Reputation: 9
We have student anwser MCQs after each lessons on socrative They enter their name first, then anwser. For each lesson, we collect data from the Socrative platform but have issues "normalizing the names" such as 'John Doe', johndoe' or John,Doe' can be transformed into 'doe', as it is written is our main file.
Our main file for following up students (treated as a dataframe with python) has initially just 1 column, the name (as a string 'doe' for Mr. John Doe).
I'l like to write a function that goes through the 'name' column of my lesson1 dataframe and for each value of the name column, replace the badly typed name by the reference name.
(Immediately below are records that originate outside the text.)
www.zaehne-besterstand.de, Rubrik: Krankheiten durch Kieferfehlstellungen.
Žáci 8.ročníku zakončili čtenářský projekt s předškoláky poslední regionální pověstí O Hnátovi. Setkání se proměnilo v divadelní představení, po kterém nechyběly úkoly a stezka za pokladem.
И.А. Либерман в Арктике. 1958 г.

To lower the case, suppress excessive spaces and suppress excessive punctuation, i've used the following code
lesson1["name"] = lesson1["name"].str.lower()
lesson1["name"] = lesson1["name"].str.strip()
import re
lesson1["name"]=lesson1["name"].apply(lambda x : re.sub('[^A-Za-z0-9]+', '', x))
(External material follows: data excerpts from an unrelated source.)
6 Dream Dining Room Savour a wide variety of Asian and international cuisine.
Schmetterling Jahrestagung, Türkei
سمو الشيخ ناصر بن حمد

Then I want to change the 'name' values for the reference name is necessary I've tried the following code on 2 lists
bad=lesson1['name']
good=reference['name']
def changenames(lesson_list, reference_list):
for i,name in enumerate(lesson_list):
for j,ref in enumerate(reference_list):
if ref in name:
lesson_list[i]=ref
changenames(bad,good)
but 1/ it's not working due to SettingWithCopyWarning 2/ i fail to apply it to a column of the dataframe
Could you help me ? Thx L.
Upvotes: 0
Views: 59
Reputation: 9
I've found out a way
I've 2 dataframes - the reference_list dataframe, with the names of the students. It has a column 'name' - the lesson dataframe with the names as the students type them when they answer the MCQs (not standardized) and the answers to the MCQs.
To transform the names of the students in the lesson dataframe, based on the well-types names in reference_list['name'], i have used :
for i in lesson['name']:
for ref in reference_list['name']:
if ref in i:
lesson.loc[lesson['name'] == i, 'name']=ref
and it works fine, After that, you can apply functions to treat duplicates, merge data...
I've found help in this thread Replace single value in a pandas dataframe, when index is not known and values in column are unique
Hope it'll help some of you. Louis
Upvotes: 0